=== Section Start ===

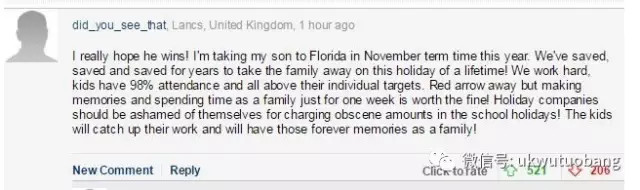 还有网友表示,相对于假期时间旅游公司30%-40%的加价,逃学的60英镑罚款简直太便宜了。↓↓
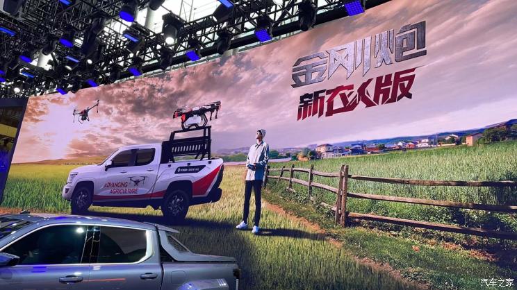 [本站 新车首发] 2021广州车展期间,长城金刚炮新农人版正式亮相。新车主要针对一些户外用车场景进行相应的调整,比如可实现无人机喷洒农药等,预计会在2021年年内上市。
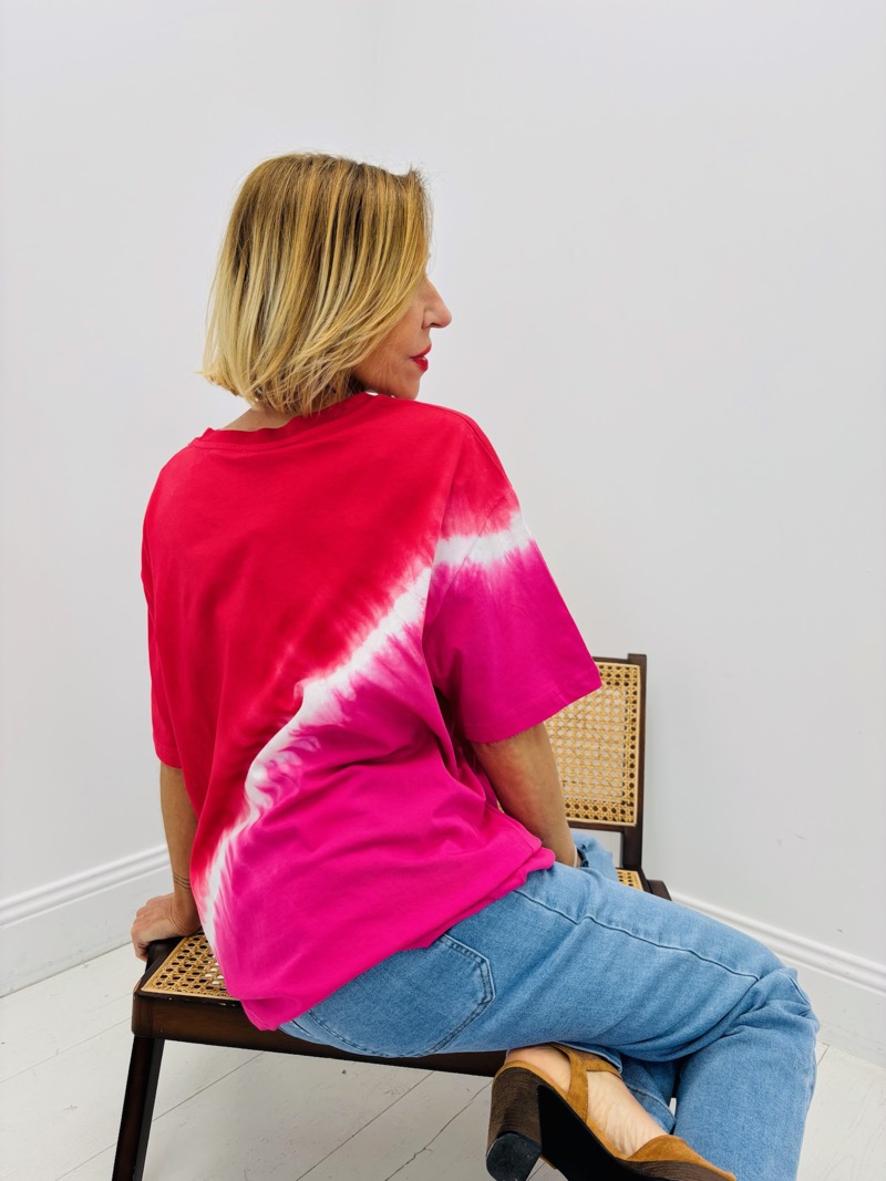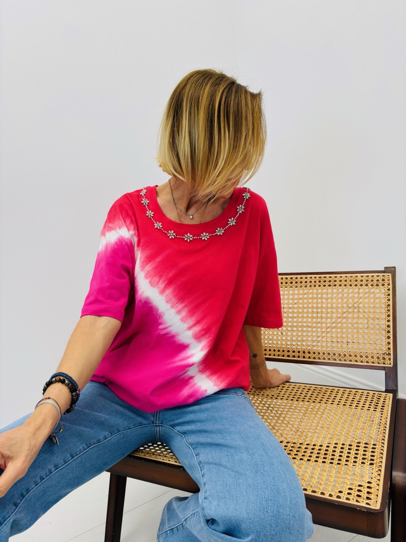Découvrez ce superbe t-shirt tie&dye, parfait pour ajouter une touche d’élégance et de modernité à votre garde-robe.

=== Section End ===

TASK REQUIREMENTS: Reproduce the preceding material exactly, skipping pictures.

RESPONSE:
 还有网友表示,相对于假期时间旅游公司30%-40%的加价,逃学的60英镑罚款简直太便宜了。↓↓
 [本站 新车首发] 2021广州车展期间,长城金刚炮新农人版正式亮相。新车主要针对一些户外用车场景进行相应的调整,比如可实现无人机喷洒农药等,预计会在2021年年内上市。
Découvrez ce superbe t-shirt tie&dye, parfait pour ajouter une touche d’élégance et de modernité à votre garde-robe.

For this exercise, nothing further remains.